Visual Regression Testing with Playwright and TypeScript
This guide demonstrates how to implement visual regression testing in a Next.js 14 project using Playwright and TypeScript. Visual regression testing helps ensure your UI components maintain visual consistency across updates and releases.
Prerequisites
Before starting, check out the guide on setting up your first Playwright test and configuring the project:Playwright First Test Setup
Step 1: Writing Your First Visual Test
In your `tests` directory, create a file named `visual.spec.ts` to capture a visual snapshot of your homepage.
test('About page visual snapshot', async ({ page }) => {
await page.goto('https://sergeipetrukhin.vercel.app/about');
const screenshot = await page.screenshot();
expect(screenshot).toMatchSnapshot('aboutpage.png');
});
This code snippet takes a screenshot of the 'About' page. On the first run, it saves a baseline image. On subsequent runs, it compares the new screenshot with the baseline, flagging any visual differences.
Step 2: Running the Visual Tests
Make sure your app is running locally before executing the Playwright test command:
npm run test src/tests/visual.spec.ts
Step 3: Handling First Attempt Error
Upon the first test run, an error may occur because no snapshot has been saved yet. The second run will execute successfully after creating the baseline snapshot. Here's an example error:
Error: A snapshot doesn't exist at /sergeipetrukhin/src/tests/visual.spec.ts-snapshots/aboutpage-darwin.png, writing actual.

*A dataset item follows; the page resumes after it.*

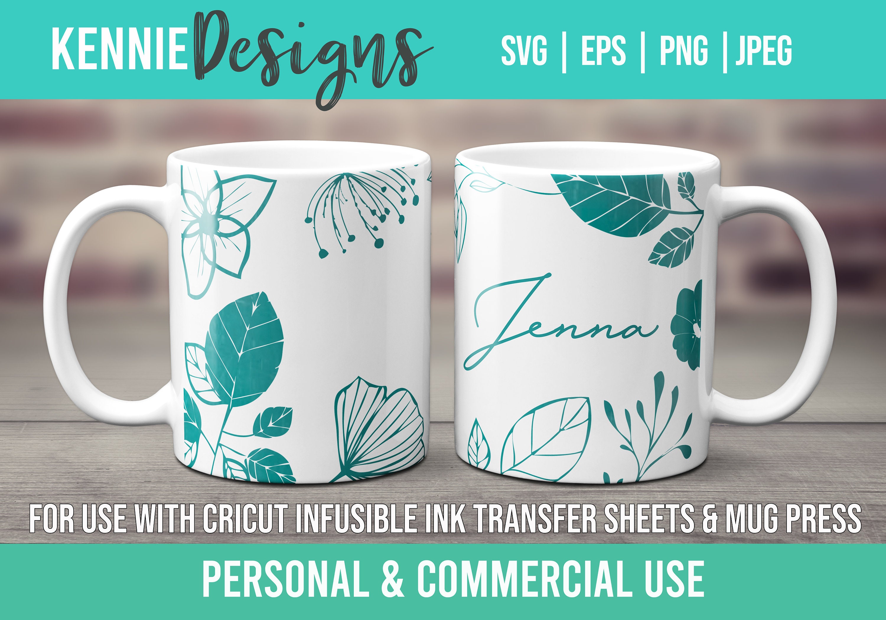 Floral Elements Mug template SVG for Infusible Ink Sheets for use C...

Step 4: Handling Pixel Differences
Small differences in pixels could arise due to minor UI changes. To handle these, use the `maxDiffPixels` option to allow for a set number of pixel differences:
test('About page visual test with maxDiffPixels', async ({ page }) => {
await page.goto('https://sergeipetrukhin.vercel.app/about');
const screenshot = await page.screenshot();
expect(screenshot).toMatchSnapshot('aboutpage.png', {
maxDiffPixels: 100 // allows for up to 100 pixel differences
});
});
Step 5: Analyzing Test Results
Playwright can generate an HTML report that provides a visual breakdown of the test results. To enable this, update your `playwright.config.js` as shown below:
reporter: [['html', { open: 'on-failure' }]]

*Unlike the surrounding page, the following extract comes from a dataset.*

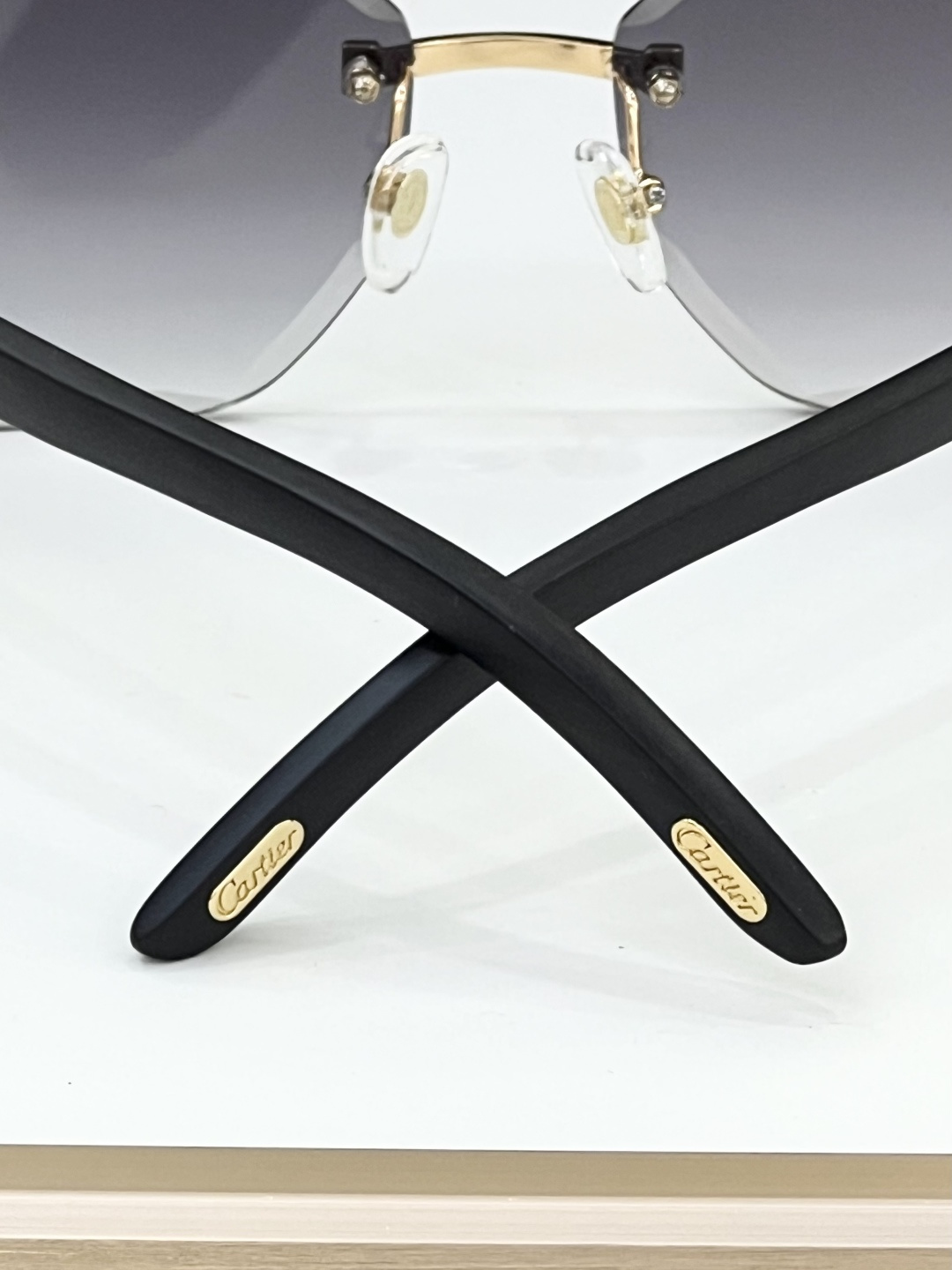 这款太阳眼镜是AAAAA 1:1 质量 (非常棒). 使用了和原版一模一样的材料. 商标部分也保持了和卡地亚/Cartier一样. 图片拍摄是实物太阳眼镜拍摄, 您所收到的实物保证和我们图片一模一样.

Here's the full configuration for your Playwright setup:
// playwright.config.ts
import { defineConfig } from '@playwright/test';
export default defineConfig({
testDir: 'src/tests', // path to your tests directory
timeout: 30000,
expect: {
timeout: 5000
},
reporter: [['html', { open: 'on-failure' }]]
});
To generate and view the HTML report, run the following commands:
npm run test src/tests/visual.spec.ts
npx playwright show-report
Conclusion
Visual regression testing is an essential part of maintaining UI consistency in your web application. With Playwright, you can efficiently capture visual snapshots and detect any unintended UI changes as your project evolves.